The (Complex) State of Meta in the WordPress REST API

One of the other discussion points in our recent API meeting was the state of meta in the REST API. We recently made the somewhat-controversial decision to remove generic meta handling from the API. As we didn’t have time to get into the specifics in the meeting, I wanted to expand on exactly what we’re doing here, and our future plans.1

WordPress has four different types of meta: post meta, comment meta, term meta, and user meta. These broadly act the same, so for simplicity’s sake, I’ll be grouping them together as just “meta”.

Meta also falls into two broad groups: plugin data, and user input. The distinction here is that plugin meta is set by a plugin programmatically, whereas user input is set via the Custom Fields metabox.
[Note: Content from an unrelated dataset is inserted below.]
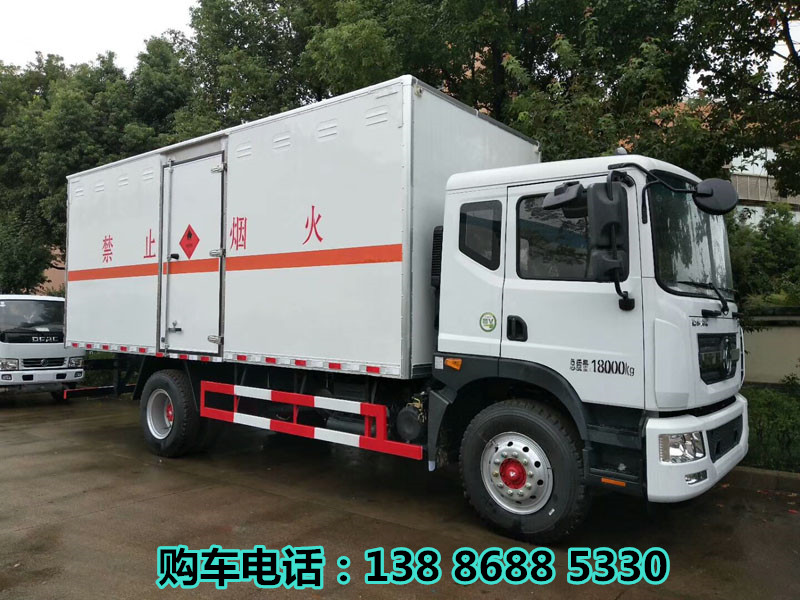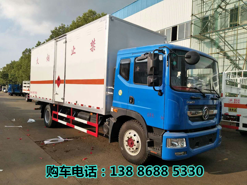 该车主要用于运输独立容器包装的易燃气体,非易燃无毒气体.类项号为2.1,2.2;运输易燃气体时挂2.1类标志牌,运输非易燃气体时挂2.2类标志牌;厢体顶部封闭,不可开启;外形尺寸长(mm)/轴距(mm)/后悬(mm)的对应关系:9995/5600/3135,9100/5300/2540,8600/4700/2640,8700/4700/2740,8995/5300/2435;侧、后防护材质均为Q235,侧防护连接方式为焊接加螺栓连接,后防护连接方式为焊接连接,断面尺寸为(mm):120×50,离地高度:500mm;选装不带尾板时,后防护连接方式为焊接连接,断面尺寸为(mm):120×60,离地高度:450mm、430mm、410mm;选装尾板样式1与样式2时,后下部防护装置断面尺寸(mm):φ120,连接方式:螺栓连接,离地高度:500mm,液压尾板收起状态的水平长度为260mm,尾板质量450kg;选装尾板样式3时,后下部防护装置断面尺寸为(mm):120×60,连接方式:焊接,离地高度:500mm,液压尾板收起状态的水平长度为300mm,尾板质量450kg;随底盘选装驾驶室;EBS型号/厂家:EBS/ESC-d/襄阳东风隆诚机械有限责任公司;仅采用子午线轮胎,排气管前置,安装限速装置(限速80km/h).安装具有卫星定位的行驶记录仪,转向轮装备轮胎爆胎应急防护装置,后轴安装空气悬架,选装采用直接供电方式的ETC车载装置;发动机型号/油耗值(L/100km)分别为:B6.2NS6B230/26.10,D4.5NS6B220/26.60,YCS04200-68/26.40,CY4SK761/26.80,D4.5NS6B240/25.60,B6.2NS6B260/25.13;选装侧门后门样式及瓦楞工艺厢体,选装百叶窗式通风口样式;选装不带液压尾板样式,选装带尾板不同后部外观;随底盘选装驾驶室、电瓶、尿素罐、储气筒、油箱、后处理、排气管、后组合灯不同样式外观.

These are broad categorisations, but the general difference is that plugin meta tends to be “protected” (typically prefixed with an underscore), whereas user input meta is any sort of freeform name (and occasionally no name at all).

Solution for Plugin Data

Right now, there is a viable solution for plugins to handle meta through the REST API: register_rest_field(). This function allows registering extra fields on a resource (like a post) and handling them in your own code.

For example, let’s say we have a plugin that adds “featured emoji” to a post, which saves a string of emoji characters for a post. We already have a metabox for this in the admin, and now we want to expose it via the API. This is super easy:

register_rest_field( 'post', 'featured_emoji', array(
    'get_callback' => function ( $data ) {
        return get_post_meta( $data['id'], '_featured_emoji', true );
    'update_callback' => function ( $value, $post ) {
        // TODO: sanitize and validate this field better
        $value = sanitize_text_field( $value );

        update_post_meta( $post->ID, '_featured_emoji', wp_slash( $value ) );
    'schema' => array(
        'description' => __( 'Featured emoji for the post to add a little flavour.', 'femoji' ),
        'type' => 'string',
        'context' => array( 'view', 'edit' ),

Solution for Custom Fields

User input meta is also handled, using the generic meta API. This is the /wp/v2/posts/{id}/meta route in the API, which is the route that was recently pulled out of the API plugin itself.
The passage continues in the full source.